Slice the strawberries just before assembling the salad. If preparing ahead, keep them separate and add them at the last moment. This preserves their texture and prevents excess moisture from dampening the other ingredients.
- → What can I substitute for feta cheese?
Crumbled goat cheese, ricotta salata, or vegan cheese alternatives work wonderfully. For a completely dairy-free version, omit cheese entirely and let the poppy seed dressing be your star ingredient.

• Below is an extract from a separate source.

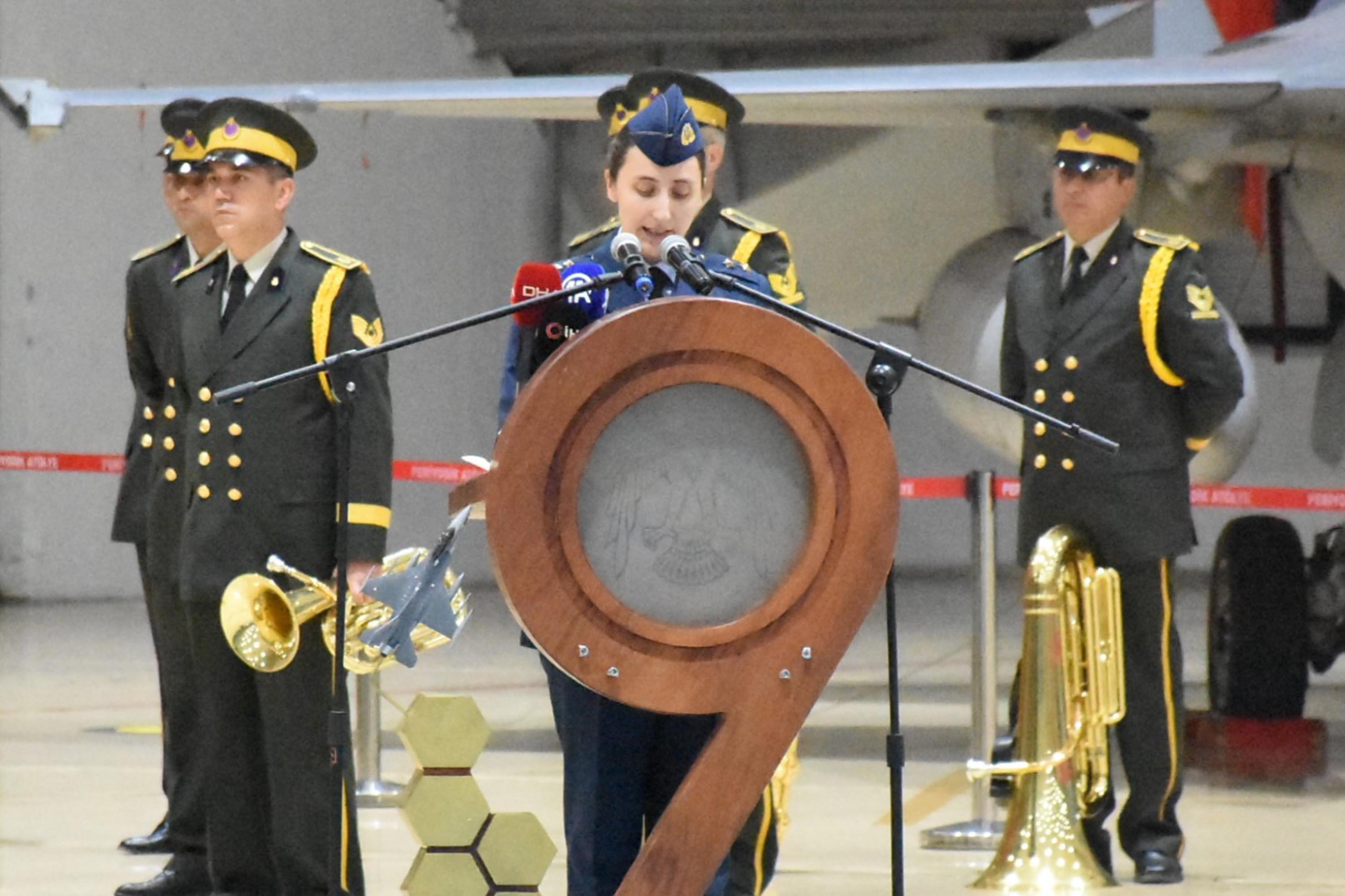 Tuğgeneral Al'ın ardından, dönemin tek kadın F-16 kadın pilotu olan ve dönemi birincilikle bitiren Üsteğmen Geyik, F-16 savaş pilotu olan dönem arkadaşları adına konuşma yaptı. Pilot Üsteğmen Geyik, yıllardır F-16 pilotu olmanın heyecanını yaşadıkları eşsiz bir günde olduklarını söyledi. Üsteğmen Geyik, "F-16 harbe hazırlık eğitimlerinin başarı ile tamamlayarak kanatlarımıza kavuştuğumuz bugünde mezuniyet törenimize teşrifinizle bizleri onurlandıran zatı aliniz ve komutanlarımıza mezun arkadaşlarımız adına saygı ve şükranlarımızı arz ediyoruz. Komutanım, Ulu Önder Gazi Mustafa Kemal Atatürk'ün 'İstikbal Göklerdedir. Göklerini koruyamayan uluslar, yarınlarından asla emin olamazlar' sözü ile geldiğimiz kutsal eğitim yuvasından mezun olduğumuz bugün yüksek düzeyde azim ve fedakarlık isteyen F-16 harbe hazırlık eğitimini başarı ile tamamlamanın haklı gururu içindeyiz. Bizler, icra edeceğimiz her görev için; emir ve direktiflere bağlı uçuş disiplini ve askerlik anlayışı yüksek, doğruluğu kanıtlanmış taktik ve teknik bilgilere bağlı, verilen her türlü görevi yapmaya hazır olacak şekilde, uçuş aşkı ile yetiştirildik. Bundan sonraki kıta hayatımızda da bu prensipler ışığında hareket edecek ve bizlere kendi canımızla birlikte emanet edilen hava kuvvetlerinin gözbebeği F-16 uçaklarını, en etkin ve emniyetli bir şekilde uçuracağız. Milletimiz bilmelidir ki; aziz vatanın müdafaası için yemin etmiş olan bizler, kanımızın son damlasına kadar, sadece devletimize ve milletimize itaat edecek, bize duyduğu güven ve itimada layık olabilmek için, heyecanla çalışarak, hiçbir düşman unsurun, kutsal vatan toprağına girmesine asla müsaade etmeyeceğiz. Yüksek düzeyde askeri ve mesleki disiplini, üstün görev anlayışı, modern bilgi ve beceriyle, Atatürk ilke ve inkılaplarının koruyucusu ve takipçisi olarak yetişmiş biz Türk pilotlarının amacı; hiç durmadan ilerleyen havacılık yarışında, kendi uçağımızı uçurabilmek, aziz vatanımıza yönelebilecek her türlü tehdide karşı göğsümüzü siper etmek ve semalarımızın yılmaz bekçiliğini yapmaktır" diye konuştu.

- → How should I toast the almonds?
Spread almonds on a dry skillet over medium heat for 3-5 minutes, stirring frequently until fragrant and lightly golden. Alternatively, toast them in a 350°F oven for 8-10 minutes. Cool completely before adding to the salad.
- → Is this salad suitable for meal prep?
The pasta, dressing, and nuts keep well for 3-4 days when stored separately in airtight containers. Assemble individual portions when ready to eat, adding the spinach and strawberries fresh for best quality and texture.
- → What protein options pair well with this salad?
Grilled chicken breast, chickpeas, or white beans complement the fruity and tangy flavors beautifully. For vegetarian options, add more nuts or legumes. Grilled shrimp also works wonderfully if you enjoy seafood combinations.